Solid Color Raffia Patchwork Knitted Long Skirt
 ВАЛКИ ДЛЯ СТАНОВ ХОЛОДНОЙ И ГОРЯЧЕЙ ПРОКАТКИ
---
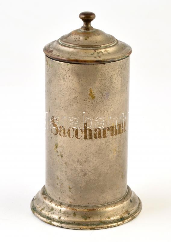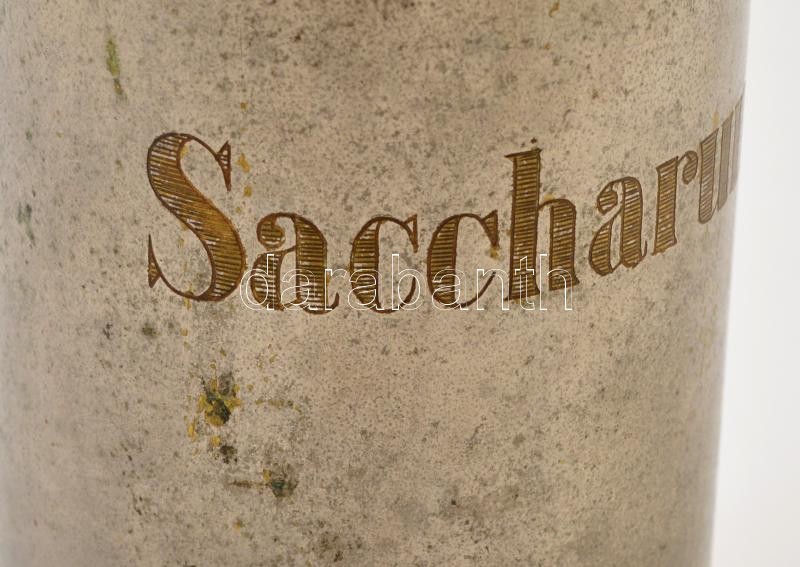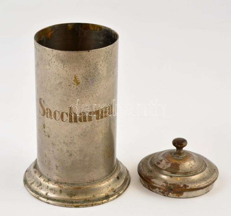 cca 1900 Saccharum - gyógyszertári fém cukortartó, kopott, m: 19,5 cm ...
--
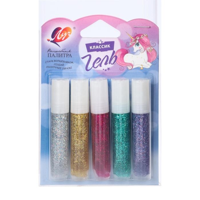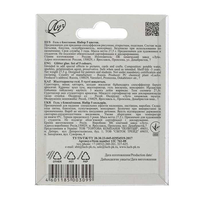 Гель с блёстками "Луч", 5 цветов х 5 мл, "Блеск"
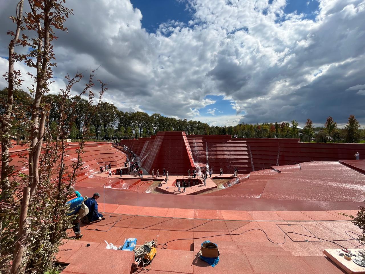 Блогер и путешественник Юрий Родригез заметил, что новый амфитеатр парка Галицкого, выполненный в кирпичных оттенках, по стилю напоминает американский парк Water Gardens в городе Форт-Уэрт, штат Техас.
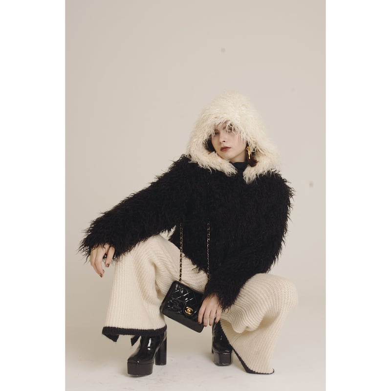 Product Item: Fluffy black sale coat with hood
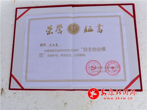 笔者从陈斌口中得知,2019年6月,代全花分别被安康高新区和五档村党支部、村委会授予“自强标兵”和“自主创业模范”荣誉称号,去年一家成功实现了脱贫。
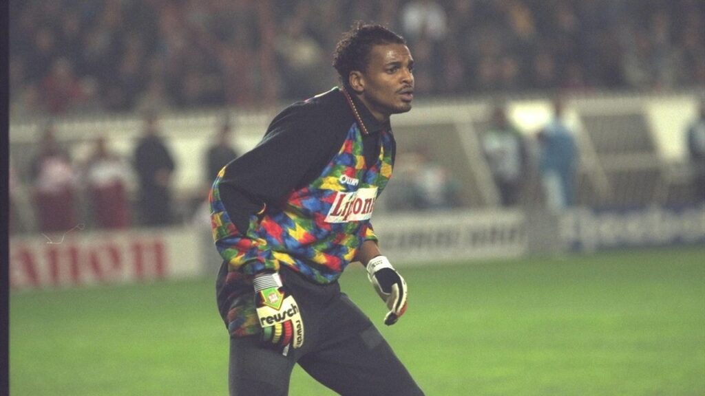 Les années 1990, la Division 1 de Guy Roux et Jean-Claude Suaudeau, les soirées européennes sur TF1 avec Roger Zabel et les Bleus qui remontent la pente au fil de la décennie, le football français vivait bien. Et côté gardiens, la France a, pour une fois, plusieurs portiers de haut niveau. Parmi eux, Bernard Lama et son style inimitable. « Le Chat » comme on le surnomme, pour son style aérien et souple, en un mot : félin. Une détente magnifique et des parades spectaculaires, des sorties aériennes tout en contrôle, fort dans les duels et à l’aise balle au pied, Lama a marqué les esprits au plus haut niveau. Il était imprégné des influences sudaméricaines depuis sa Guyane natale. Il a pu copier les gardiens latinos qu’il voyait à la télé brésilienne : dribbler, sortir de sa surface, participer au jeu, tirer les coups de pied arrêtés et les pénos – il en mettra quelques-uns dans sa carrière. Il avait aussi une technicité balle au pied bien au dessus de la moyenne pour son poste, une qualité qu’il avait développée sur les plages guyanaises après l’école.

> _PROBLEM DETAILS_
Of the lines above, extract only those from the line with "Solid Color Raffia" to the line with "ВАЛКИ ДЛЯ СТАНОВ ХОЛОДНОЙ И ГОРЯЧЕЙ ПРОКАТКИ", both included, exactly as written.

> _REPLY TO THE EXERCISE_
Solid Color Raffia Patchwork Knitted Long Skirt
 ВАЛКИ ДЛЯ СТАНОВ ХОЛОДНОЙ И ГОРЯЧЕЙ ПРОКАТКИ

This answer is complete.